GOAL OF THE EXERCISE = Beneath this line sits some data. Return only its lines from the one holding "TIROTEO EN BARRACAS ALVARADO Y MEANA" through the one holding "площадки для игры", inclusive, exactly, with the images removed.

SUPPLIED ENTRIES =
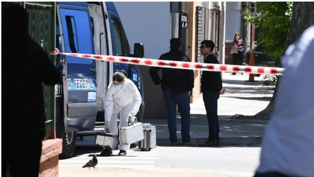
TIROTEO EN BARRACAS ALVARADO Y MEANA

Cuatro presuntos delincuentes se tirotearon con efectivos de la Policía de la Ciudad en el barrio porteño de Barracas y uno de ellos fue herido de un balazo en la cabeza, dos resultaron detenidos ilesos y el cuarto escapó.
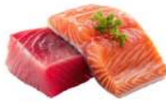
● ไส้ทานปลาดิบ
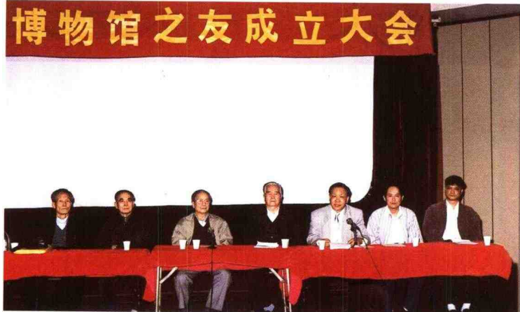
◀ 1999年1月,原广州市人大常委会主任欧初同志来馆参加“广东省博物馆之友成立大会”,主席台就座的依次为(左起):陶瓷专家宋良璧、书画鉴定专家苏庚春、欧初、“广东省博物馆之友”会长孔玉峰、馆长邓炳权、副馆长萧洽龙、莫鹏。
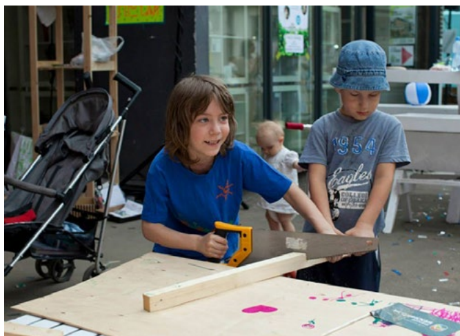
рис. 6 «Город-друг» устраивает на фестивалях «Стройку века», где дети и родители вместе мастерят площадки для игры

--

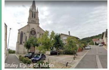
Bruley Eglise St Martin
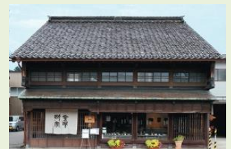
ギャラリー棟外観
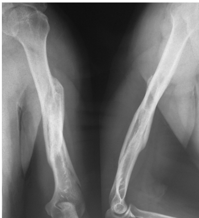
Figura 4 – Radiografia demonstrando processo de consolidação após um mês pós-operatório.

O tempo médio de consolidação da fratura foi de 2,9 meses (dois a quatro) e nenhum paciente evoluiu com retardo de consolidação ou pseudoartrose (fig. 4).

FINAL ANSWER =
TIROTEO EN BARRACAS ALVARADO Y MEANA

Cuatro presuntos delincuentes se tirotearon con efectivos de la Policía de la Ciudad en el barrio porteño de Barracas y uno de ellos fue herido de un balazo en la cabeza, dos resultaron detenidos ilesos y el cuarto escapó.
● ไส้ทานปลาดิบ
◀ 1999年1月,原广州市人大常委会主任欧初同志来馆参加“广东省博物馆之友成立大会”,主席台就座的依次为(左起):陶瓷专家宋良璧、书画鉴定专家苏庚春、欧初、“广东省博物馆之友”会长孔玉峰、馆长邓炳权、副馆长萧洽龙、莫鹏。
рис. 6 «Город-друг» устраивает на фестивалях «Стройку века», где дети и родители вместе мастерят площадки для игры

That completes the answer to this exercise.